3.2 D’une section à l’autre

L’introduction et la coda se répondent, rappelant à la mémoire ce qui a été énoncé au début. La voix chantée domine, sous forme de continuum sonore, ponctuée par quelques interjections vocales (eh, ah) et une série de glissandi, issu de la synthèse.

Exemple sonore N°1 : introduction - durée:1'52 Exemple sonore N°2 : coda - durée: 1'24

3.3 Entre les deux bornes….

Entre ces deux bornes, une grande partie centrale progresse sur le mode tension/détente.
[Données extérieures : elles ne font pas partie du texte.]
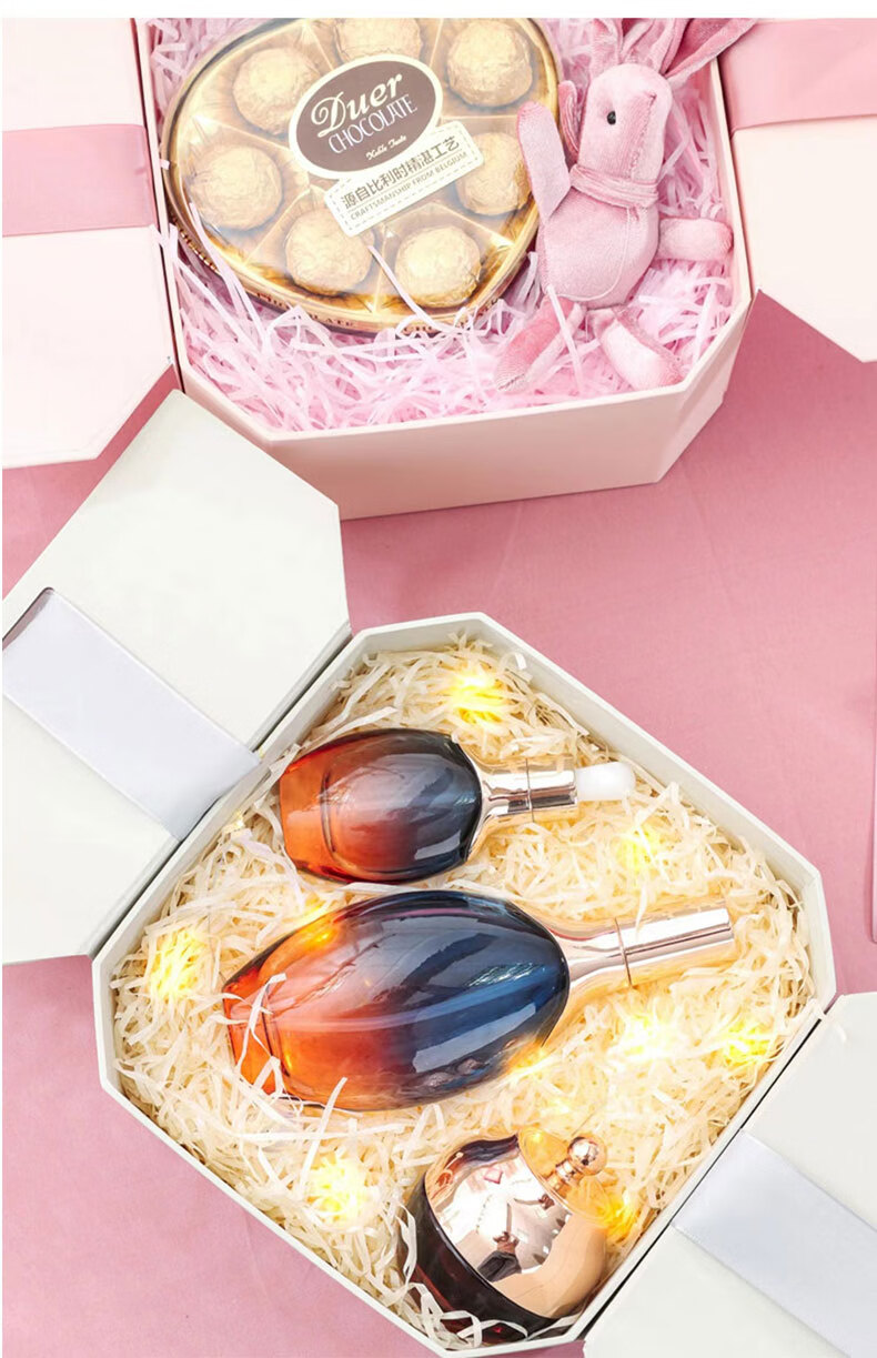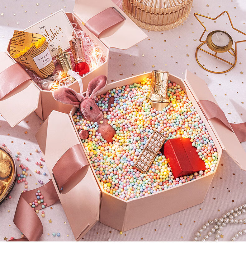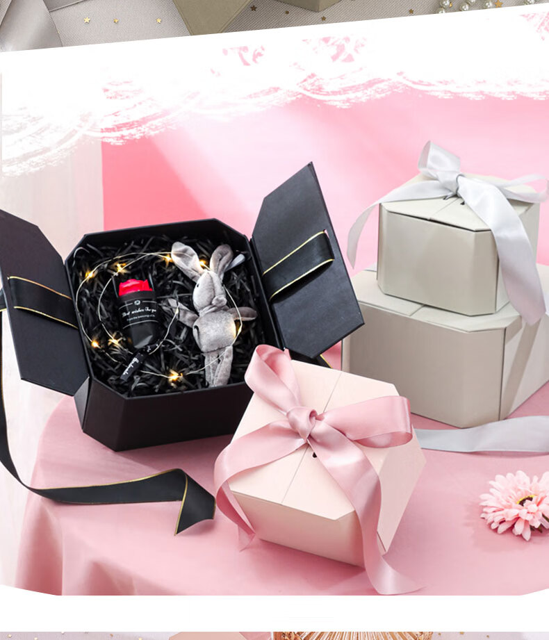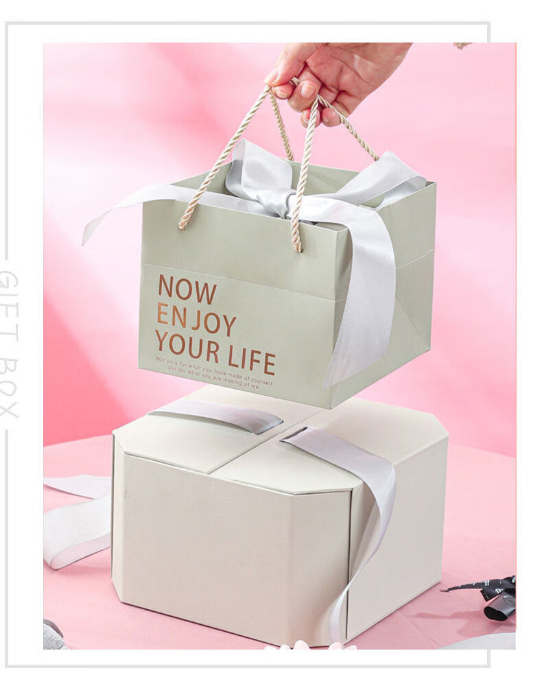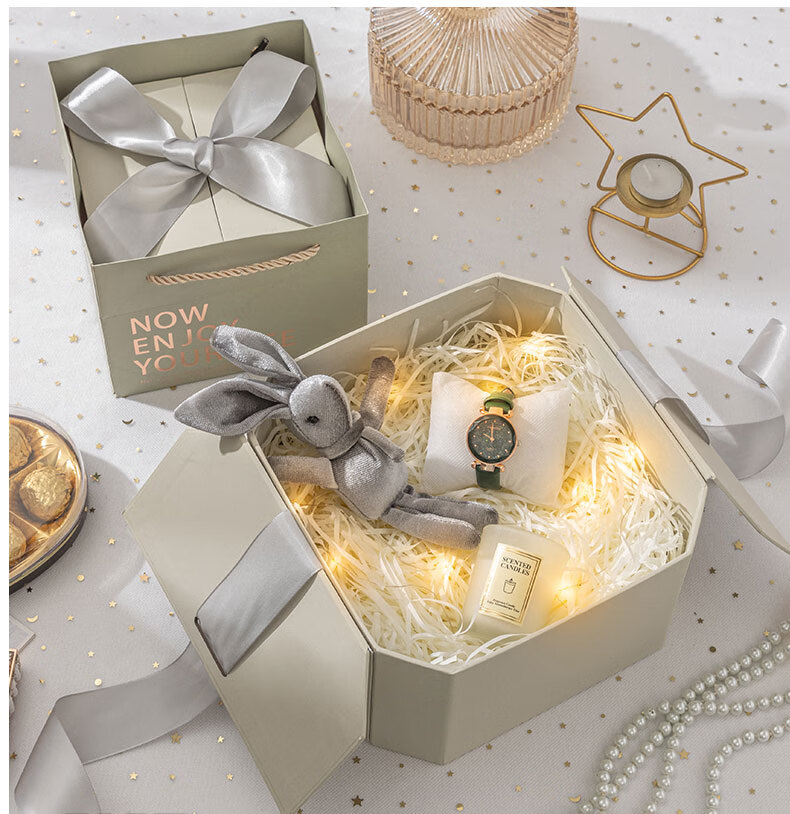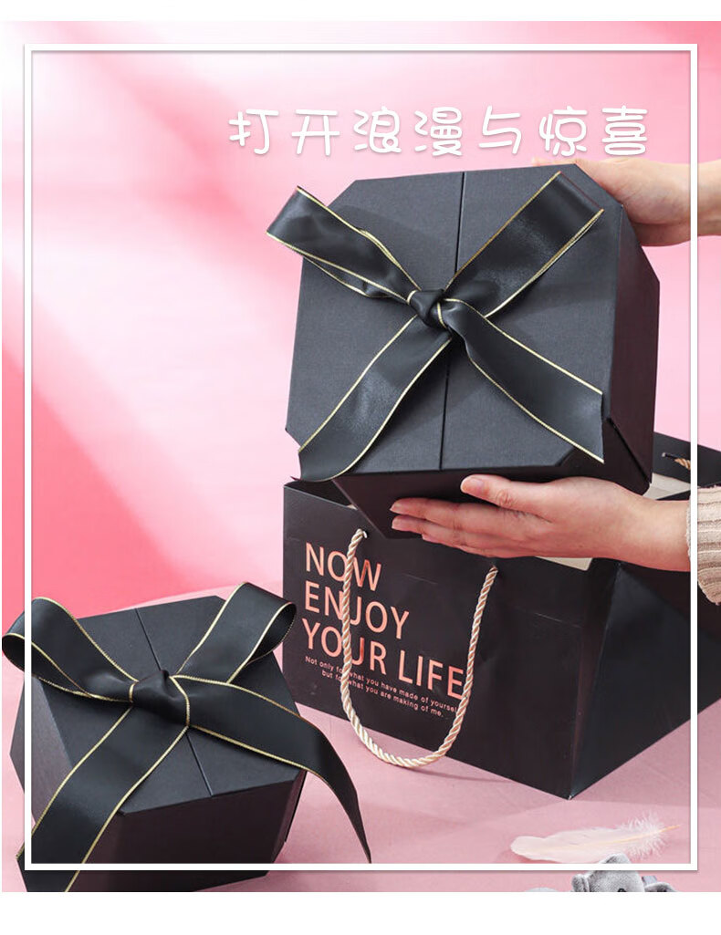 赛乐透品质礼盒空盒包装女友伴手礼品包装盒礼物盒空盒子生 小号15*15*10可装马克 灰八角拉菲草+贺卡无礼袋

Trois sections se dégagent.
Elles s’articulent toutes sur le même principe : un continuum sonore réalisé à partir de la voix chantée, sur lequel des éléments discontinus de synthèse sonore se détachent.
Deux catégories :
En couleur jaune claire, on entend des sons plutôt dans le registre aigu et pauvre en harmoniques, dessinant quelquefois de courts motifs mélodiques.
À l’inverse, la seconde catégorie, plus riche en harmonique, met en avant des évolutions morphologiques avec des timbres aux sonorités plus rugueuses.

Exemple sonore N°3 : première partie - durée : 4’16

Exemple sonore N°4, seconde partie - durée : 5’20

Cette partie marque le point culminant Des Chants parallèles, avec la présence de l’extrême aigu du spectre ainsi qu’une densification et une agitation de la matière.
Elle est la plus longue de toute la pièce, laissant ainsi la place au développement maximum des morphologies des sons de synthèse.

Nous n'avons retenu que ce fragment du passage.